Movement is a beautiful thing. Because of movement, we can experience the joys of life. From walking on the beach on a cool summer evening to climbing to the top of a mountain and enjoying the splendor of the world around us to crouching down to pick up your child and lift them into the air.
Movement can bring us so much joy.
But then again movement can cause us so much pain. We have all reached back to grab something and feel a little pinch in the shoulder or gone to pick something up only to feel our back seize up and leave us hobbling around for the rest of the day.
Movement can bring us so much pain.
How can this be?
Movement is a beautiful thing when it is done often and correctly, just like bathing (sorry stupid joke). When we are born, we have no movement limitations. It comes easily to us.
Over time we start to specialize in our movement. Just like a competitive athletes body develops to optimize their movements for their sport so do we as non-athletes. We get good at what we do every day.
If you are not required to move every day in a variety of movements your body will slowly put its energy into optimizing what you do every day.
That is why you may find one day when you reach back to grab your seatbelt you are surprised by a new feeling of sharp pain in your shoulder. It’s not because this is the first time you have ever done this movement before, it’s because your day to day life requires your body to keep your arms in front of you.
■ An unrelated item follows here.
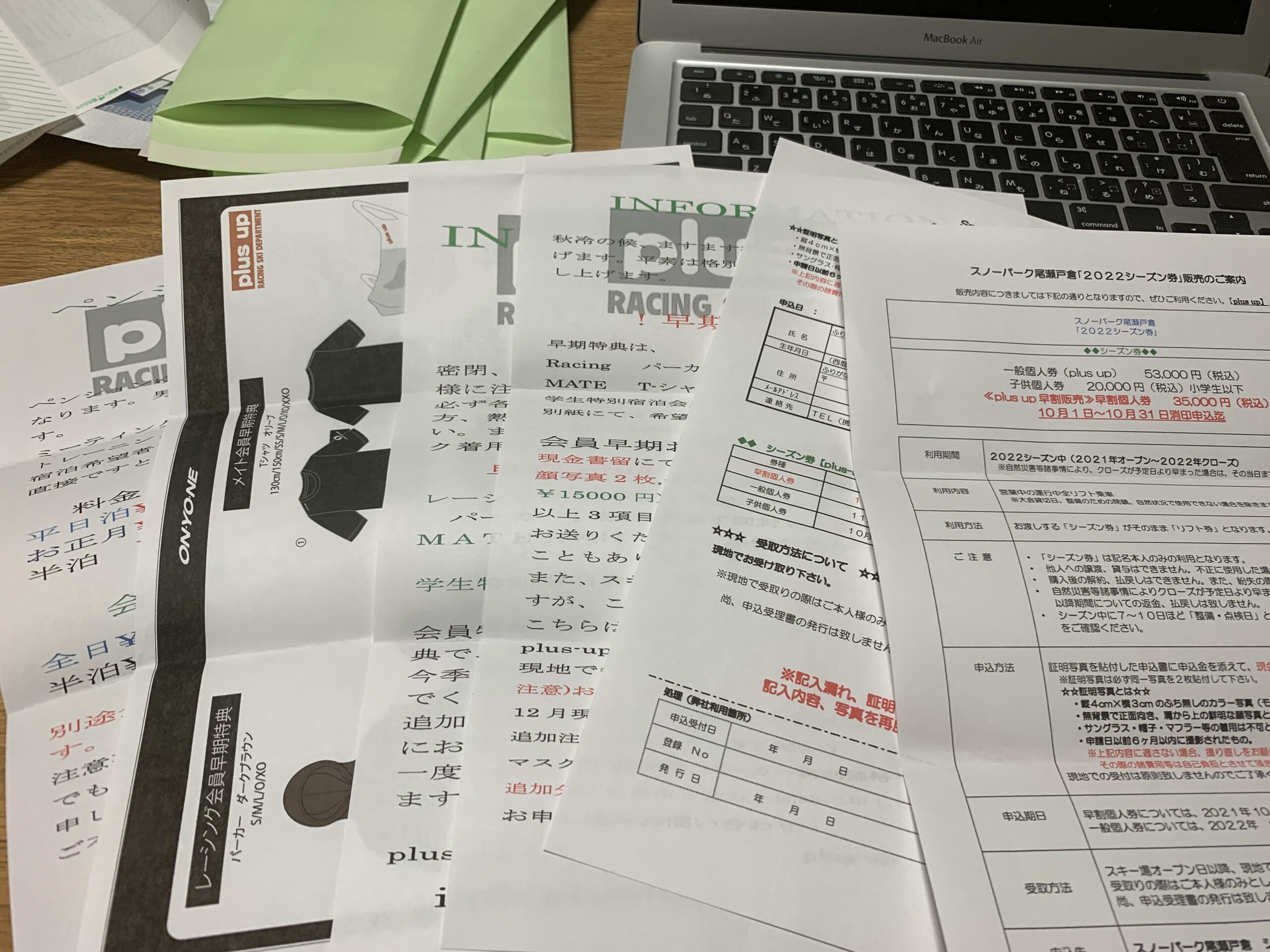 本日、スキー場からシーズンパスの資料が届きました。DM作業も進め、あとはパンフレット待ちになりました。申し訳ございません。

When you ask your body to reach back, you do it with a compensating pattern. Your body wants you to do what you want it to do, and it accommodates your wants, but because we move with compensation it slowly wheres on the joint and the structures around it until one day out of the blue. Your body decides I have had enough.
What do you do?
Slowly start to move more. Start walking, do low-level stretches, work with what your body can give you at the moment.
If you have been living a low movement life for decades, you have to understand that it will take time to get back some movements and some we may lose over time due to injury.
But you can always improve on it. Slowly with time.
If you move a lot, keep moving, if you are sedentary start walking more and work with what our body will give you at the moment and over time slowly explore new ranges of motion.